Transaksi Uang Miliaran Rupiah
Koh Erwin kemudian memberikan uang sebesar Rp1 miliar, meskipun masih ada kekurangan sekitar Rp700 juta. Total uang yang diberikan kepada Didik mencapai Rp2,8 miliar. Uang tersebut diserahkan dalam tiga kali transaksi. Rincian transaksi tersebut adalah:
- Pertama: Rp1,4 miliar dalam koper.
- Kedua: Rp450 juta dalam paper bag.
- Ketiga: Rp1 miliar dalam kardus biru.
Selain itu, sebagian uang juga ditransfer melalui rekening orang lain. Proses penyerahan uang ini dilakukan secara tunai dan langsung disetorkan ke bank.

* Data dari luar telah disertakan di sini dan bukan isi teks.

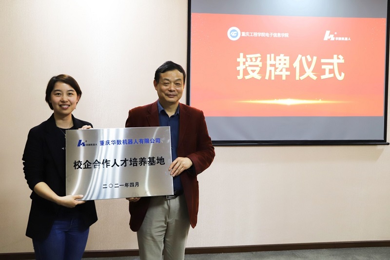 授牌仪式上,王旭丽首先致欢迎辞,她指出,华数机器人的快速发展需要强有力的人才支撑,希望校企之间加强合作,深化协同育人,共同培养符合行业发展的高级紧缺人才。何世彪重点介绍了重庆工程学院的办学模式和特色,包括学院在电子信息、自动化类专业人才培养方面所取得的优异成绩,何院长强调,双方拥有良好合作基础与发展前景,希望在接下来的合作当中取得新的成果。此外,何院长现场为企业授予了“校外实践教学基地”牌匾,并接受了企业授予的“校企合作人才培养基地”牌匾,双方就后续学生入驻实习及管理等工作进行了安排部署。

Sanksi Terhadap Eks Kapolres Bima Kota
AKBP Didik Putra Kuncoro telah ditetapkan sebagai tersangka atas kasus narkoba yang menimpanya. Selain itu, ia juga dipecat dari jabatannya sebagai anggota Polri melalui sidang etik. Keputusan tersebut diumumkan oleh Karo Penmas Divisi Humas Polri, Brigjen Trunoyudo Wisnu Andiko, dalam konferensi pers. Didik juga menjalani penahanan di rumah tahanan (rutan) Bareskrim Polri sejak Kamis (19/2/2026).
Penangkapan Koh Erwin
Bareskrim Polri telah mengambil alih pengejaran terhadap Koh Erwin. Direktur Tindak Pidana Narkoba Bareskrim Polri, Brigjen Eko Hadi Santoso, menyatakan bahwa seluruh pihak diharapkan dapat membantu menangkap atau memberikan informasi tentang keberadaannya. Dengan adanya DPO ini, harapan besar diarahkan pada kerja sama antara masyarakat dan aparat penegak hukum.
Informasi Tambahan
Kasubdit III Dittipidnarkoba Bareskrim Polri, Kombes Zulkarnain Harahap, menjelaskan bahwa pola aliran dana dari para bandar narkoba ke Didik melalui Malaungi sangat terstruktur. Ini menunjukkan bahwa kasus ini bukanlah sekadar kejahatan individu, tetapi juga melibatkan jaringan yang cukup luas.